While tonight’s Republican presidential debate sponsored by the Washington Post and Bloomberg TV (where the debate will be seen) may seem like yet another of an endless stream of such events since the summer began, it is no exaggeration to say this one will be crucial. Rick Perry’s presidential hopes are literally on the line this evening as he tries to rebound from three consecutive disastrous performances.

Expectations for Perry have been set so low that many believe even a halfway credible showing will be enough to pump some life into his flagging campaign. But if he thinks that’s all he needs to do, he’s fooling himself. Exceeding low expectations won’t cut it. The bar is actually set much higher for him than ever before. This time Perry must look, act and speak in a presidential manner.

Perry’s September swoon was every bit as historic as the collapse of the Boston Red Sox and the Atlanta Braves in baseball’s Wild Card playoff spot competition.
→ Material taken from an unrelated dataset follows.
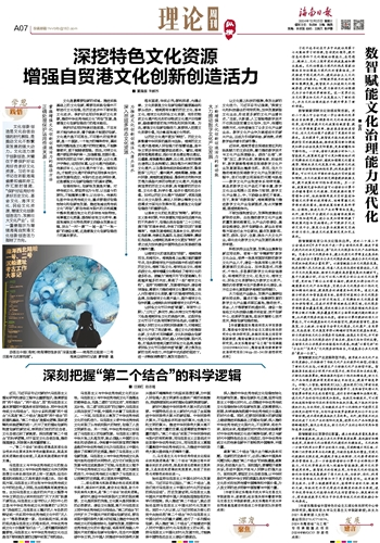 为学习宣传贯彻习近平总书记在听取海南省委和省政府工作汇报时强调的要“保护好运用好传承好历史文化、革命文化、海洋文化、民俗文化资源,增强文化创新创造活力,发展壮大文化产业。”的重要讲话精神,2024年12月25日《海南日报》(理论版)发表了我校党委委员、马克思主义学院教师戴逢国的理论阐释文章《深挖特色文化资源 增强自贸港文化创新创造活力》,《学习强国》海南学习平台进行了全文转载。

Polls show he lost half of his support during the past few weeks. That’s an astounding drop, especially because it came only a month after he parachuted into the race. Though his stance on in-state tuition benefits for the children of illegal immigrants has helped erode his standing, most of the blame for his problems must be attributed to the way he looked in the debates. He looked and sounded tired and unfocused during the second half of each one. This led even his conservative supporters to question not only whether he could stand up to Barack Obama next fall but also if he is really qualified for the presidency.
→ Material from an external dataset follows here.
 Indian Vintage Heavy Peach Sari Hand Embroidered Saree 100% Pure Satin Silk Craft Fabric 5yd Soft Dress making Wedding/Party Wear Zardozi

So while even a mediocre performance might earn him some plaudits for improvement, exceeding low expectations doesn’t get him back where he was when he was lapping the field. After whiffing on a softball question that might have allowed him to skewer Romney on his flip-flops and left him looking like someone who had no business on the stage, the standard he must meet is actually much higher than that of the other candidates.

Most Americans didn’t know much about Perry before the debates, so his performances created the general impression that Perry is a bumbler. Whether that perception is correct or not is immaterial. It exists, and erasing it from the public mind and replacing it with a new image of a tough, competent and articulate candidate won’t be accomplished with a few practiced one-liners. It will require him to sound as good as Romney, who after more than five years of running for president is an excellent speaker and debater. He must have strong answers prepared on his weak points and be ready with incisive attacks on Romney’s inconsistent record on health care legislation. And he must follow up a good showing tonight with equally strong performances in the subsequent debates.

If Perry can do that, he has the money to stay in the race and outlast Herman Cain —who has been the principal beneficiary of his collapse — leaving him the only viable conservative still standing in the race. But this won’t be done by merely showing up and managing not to embarrass himself. If there is any candidate who can’t afford to play the expectations game tonight it is Rick Perry. He might have gotten away with a mediocre performance when he was riding high in the polls, but not anymore.